The electricity went off for a while last night. Thankfully I had woke up in need of a visit to the bathroom. There is nothing worse than being sound asleep and having your oxygen supply cut off. I'm hooked to a bi-pap machine at night thanks to my sleep apnea. To have it suddenly stop is a nightmare. The power was off for roughly 30 minutes. I reset the alarm clock and turned the fan back on before going back to bed. But I had trouble going back to sleep. Too many thoughts rattling around in my head.
This morning I've got those things I worked on yesterday, the things I found again and a Big Bad Voodoo Daddy CD tucked into a crate to take to work. We're going to explore the internet, move a little, do some alternative activities and generally get ready to have an exciting year if I have to push, pull and drag the kids on board. I need some catalogs to order some more supplies. I may go in search of those today if none appear in my mailbox.
From the look of the schedules I have found it looks like I have the kids for roughly 6 hours. I'm not sure but I think that's illegal. If memory serves me I think they are to have 7 hours of instruction. We'll see how this bus schedule works out. This is a small school system and they have to make do with what they have. I'm not going to rock the boat about the buses.

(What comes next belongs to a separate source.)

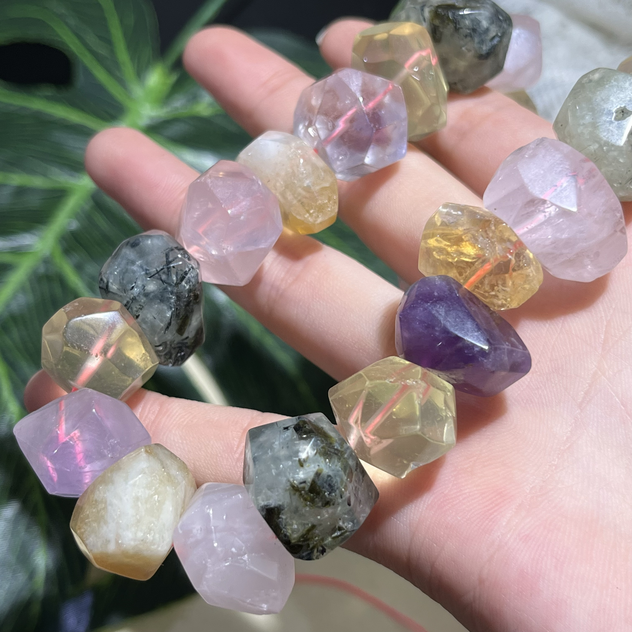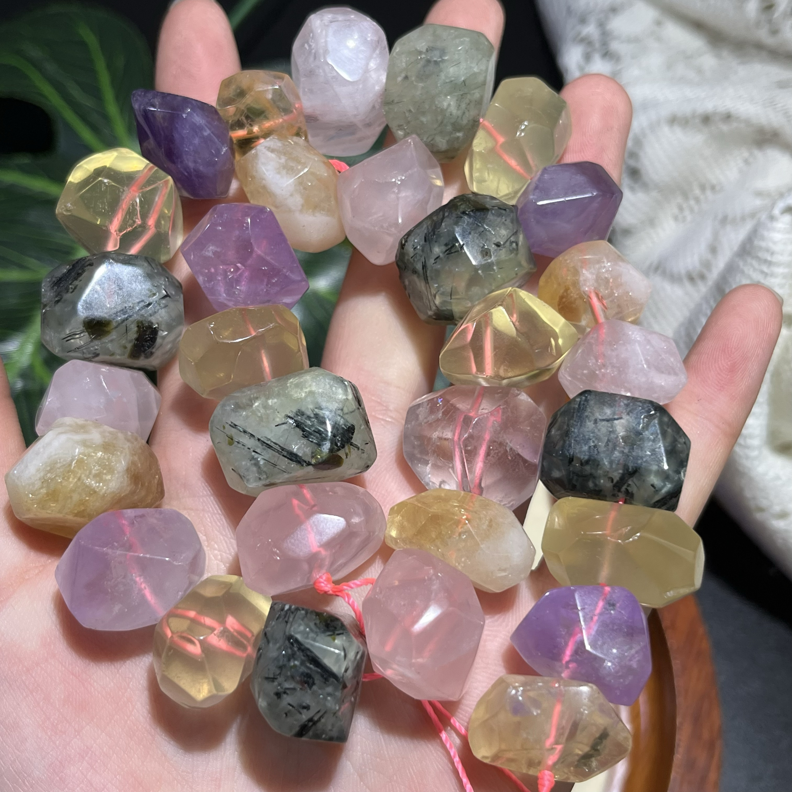 19*14mm Amethyst, Citrine, Rose Quartz, Prehnite, Lemon Quartz Mixed Faceted Irregular Beads – VogueBling

I'm behind the 8 ball again. I feel kind of hemmed in and claustrophobic. I keep hearing how the previous teacher did this and the previous teacher did that. But all the while I'm looking around the room and I'm not seeing much of anything in the way of materials. It makes me wonder what he spent his money on. The kids were clearly not challenged and they were bored. As soon as I have some money to spend I'm going to buy a few things for this room because all of the special education money allotted to me is probably going to go on Samantha's prone stander. A few materials and I will rock their world. But I tell you I wanted so badly to tell these people what I was feeling but I bit my tongue. It's on the first day. I need to let it go for now. I don't feel like going to a meeting tonight. I ache all over from taking Samantha in and out of her wheel chair. She is not a sack of potatoes. But I guess in lieu of all the stinking thinking I've been having I need the meetings. So, I'm about to head out of here.